-- GIVEN ENTRIES follows --

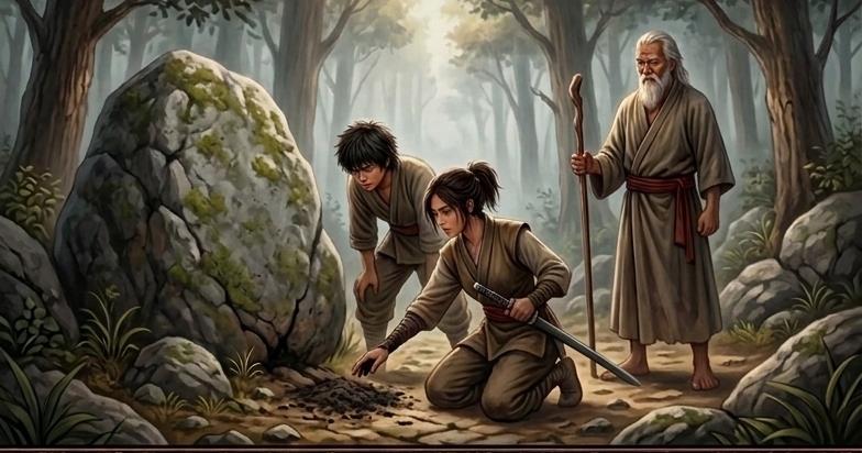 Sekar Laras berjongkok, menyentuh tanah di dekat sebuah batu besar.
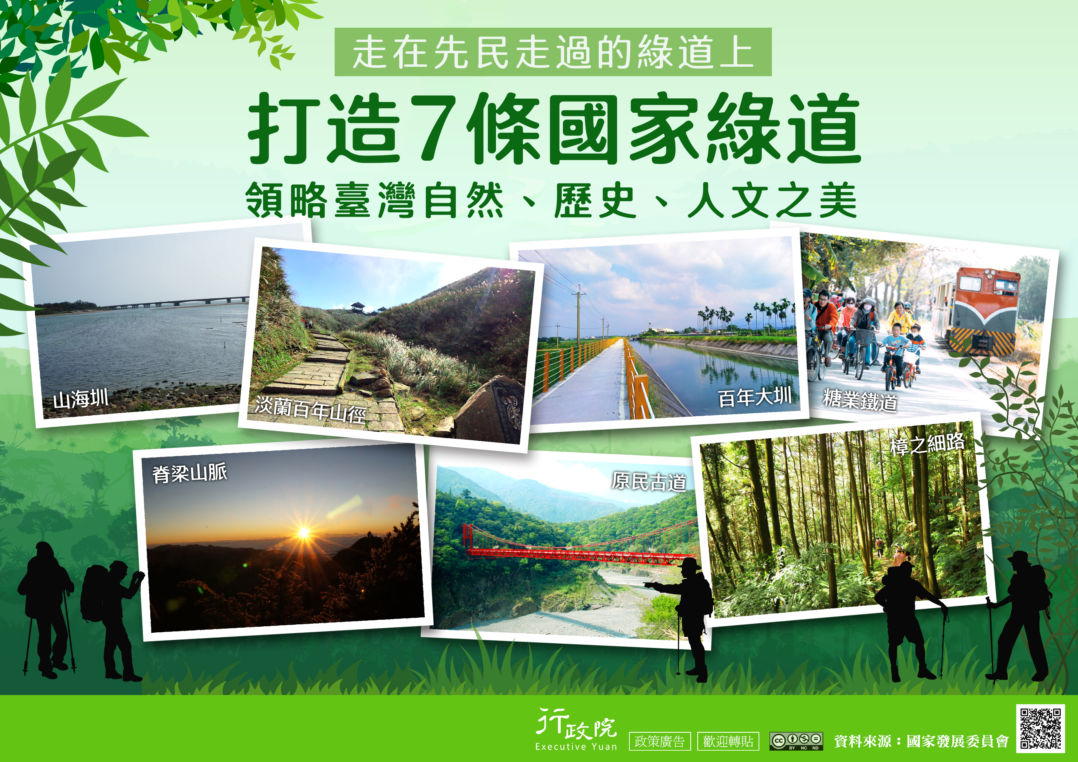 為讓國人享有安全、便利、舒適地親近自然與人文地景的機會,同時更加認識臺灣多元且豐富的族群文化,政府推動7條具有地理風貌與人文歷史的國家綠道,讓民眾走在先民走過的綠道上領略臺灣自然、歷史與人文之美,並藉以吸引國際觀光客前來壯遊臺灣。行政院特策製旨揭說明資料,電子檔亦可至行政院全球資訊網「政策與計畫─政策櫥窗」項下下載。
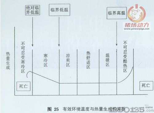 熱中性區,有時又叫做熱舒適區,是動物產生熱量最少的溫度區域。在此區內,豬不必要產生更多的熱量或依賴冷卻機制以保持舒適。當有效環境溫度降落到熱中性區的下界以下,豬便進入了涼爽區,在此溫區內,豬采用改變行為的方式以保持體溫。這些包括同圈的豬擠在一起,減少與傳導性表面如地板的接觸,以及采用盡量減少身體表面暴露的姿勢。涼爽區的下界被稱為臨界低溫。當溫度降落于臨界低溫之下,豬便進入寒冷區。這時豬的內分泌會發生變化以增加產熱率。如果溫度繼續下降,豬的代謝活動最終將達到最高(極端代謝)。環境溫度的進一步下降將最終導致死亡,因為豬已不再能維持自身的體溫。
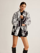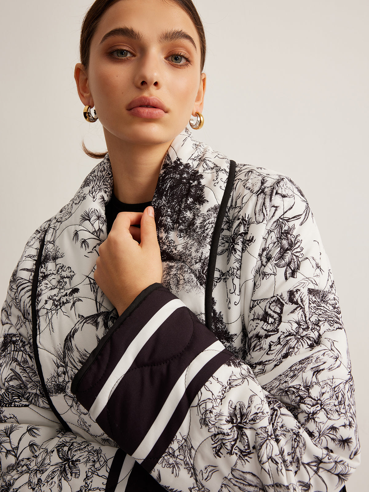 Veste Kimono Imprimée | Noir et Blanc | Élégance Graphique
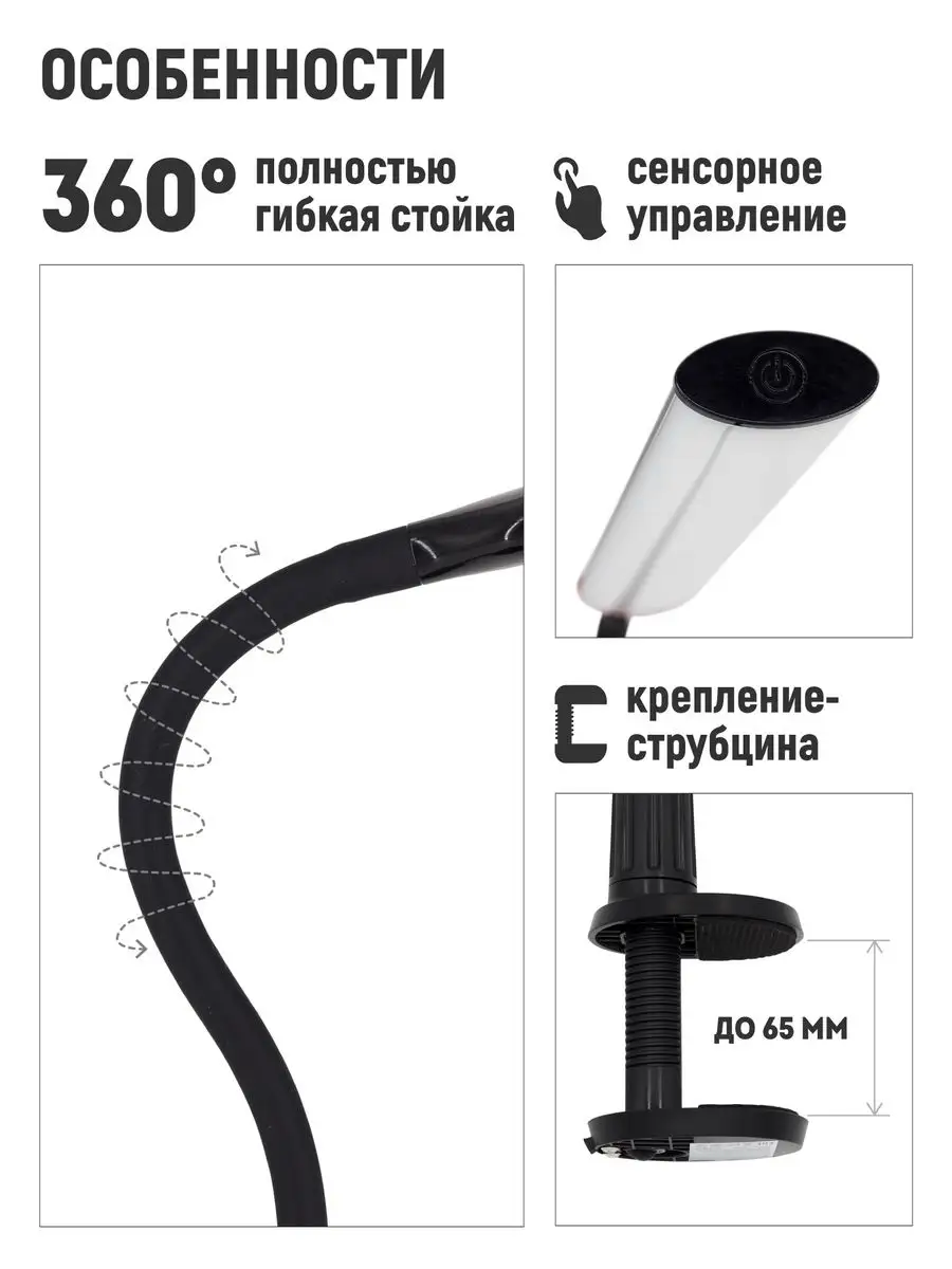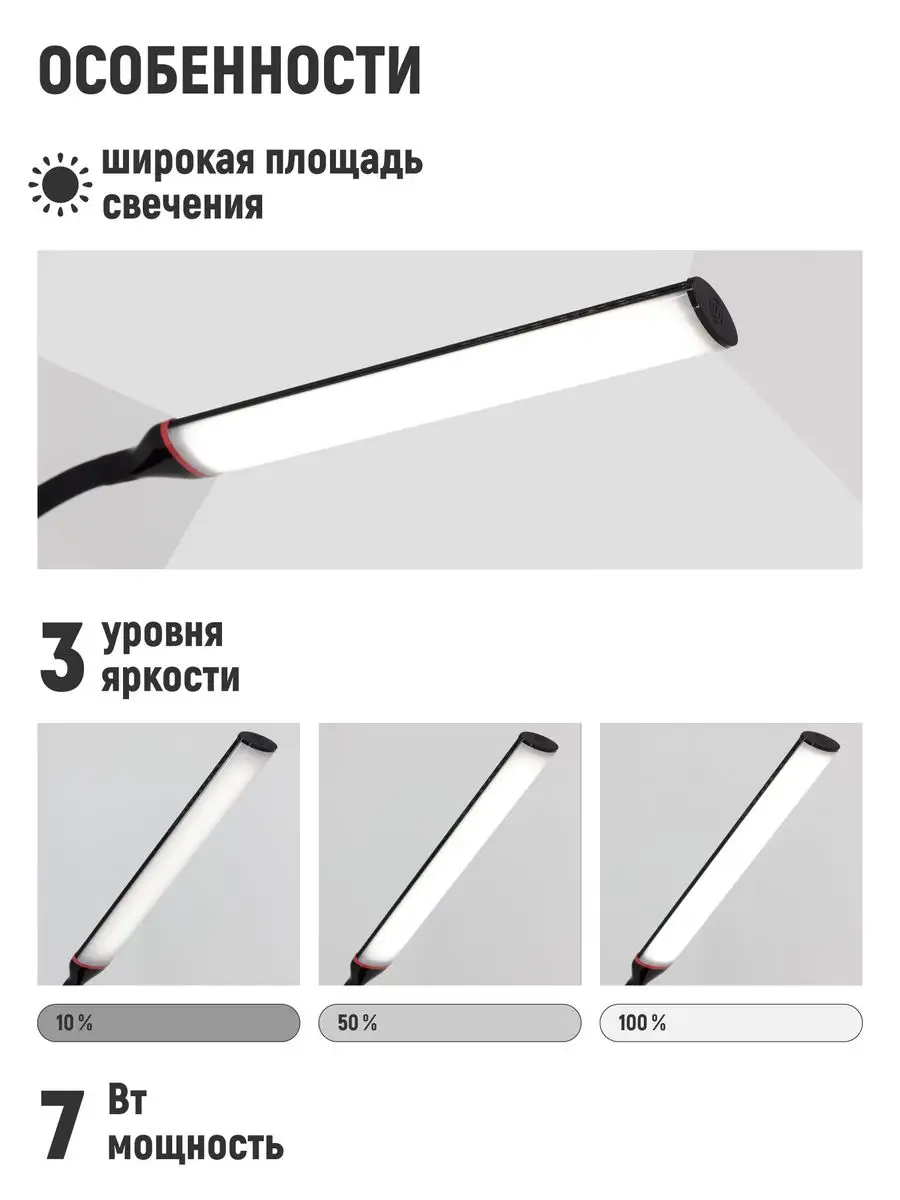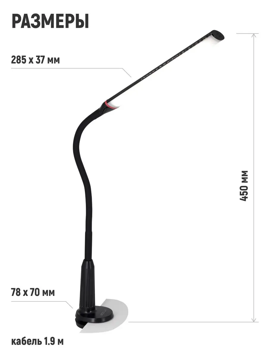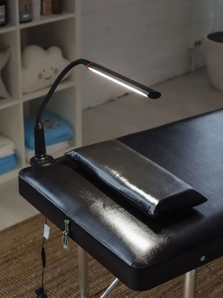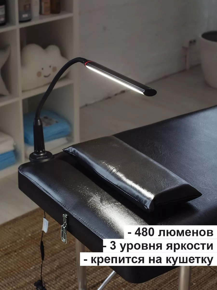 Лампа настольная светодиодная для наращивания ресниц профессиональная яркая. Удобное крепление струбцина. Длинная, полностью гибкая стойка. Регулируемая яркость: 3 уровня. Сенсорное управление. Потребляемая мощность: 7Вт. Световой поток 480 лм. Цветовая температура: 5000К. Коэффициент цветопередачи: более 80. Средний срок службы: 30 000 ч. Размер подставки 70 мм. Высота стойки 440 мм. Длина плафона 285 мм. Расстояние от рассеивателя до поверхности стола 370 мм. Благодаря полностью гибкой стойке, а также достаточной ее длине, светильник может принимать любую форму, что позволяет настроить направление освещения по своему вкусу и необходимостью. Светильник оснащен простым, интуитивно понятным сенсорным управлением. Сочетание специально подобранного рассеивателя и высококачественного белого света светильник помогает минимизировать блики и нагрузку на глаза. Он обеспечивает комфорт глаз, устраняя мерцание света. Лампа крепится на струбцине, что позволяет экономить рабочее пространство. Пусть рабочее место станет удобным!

-- GIVEN ENTRIES concluded --

# [THE TASK]
Reproduce only the lines of the records from the start up to and including the line that holds "Veste Kimono Imprimée"; do not carry over any picture.

# [EXPECTED ANSWER]
 Sekar Laras berjongkok, menyentuh tanah di dekat sebuah batu besar.
 為讓國人享有安全、便利、舒適地親近自然與人文地景的機會,同時更加認識臺灣多元且豐富的族群文化,政府推動7條具有地理風貌與人文歷史的國家綠道,讓民眾走在先民走過的綠道上領略臺灣自然、歷史與人文之美,並藉以吸引國際觀光客前來壯遊臺灣。行政院特策製旨揭說明資料,電子檔亦可至行政院全球資訊網「政策與計畫─政策櫥窗」項下下載。
 熱中性區,有時又叫做熱舒適區,是動物產生熱量最少的溫度區域。在此區內,豬不必要產生更多的熱量或依賴冷卻機制以保持舒適。當有效環境溫度降落到熱中性區的下界以下,豬便進入了涼爽區,在此溫區內,豬采用改變行為的方式以保持體溫。這些包括同圈的豬擠在一起,減少與傳導性表面如地板的接觸,以及采用盡量減少身體表面暴露的姿勢。涼爽區的下界被稱為臨界低溫。當溫度降落于臨界低溫之下,豬便進入寒冷區。這時豬的內分泌會發生變化以增加產熱率。如果溫度繼續下降,豬的代謝活動最終將達到最高(極端代謝)。環境溫度的進一步下降將最終導致死亡,因為豬已不再能維持自身的體溫。
 Veste Kimono Imprimée | Noir et Blanc | Élégance Graphique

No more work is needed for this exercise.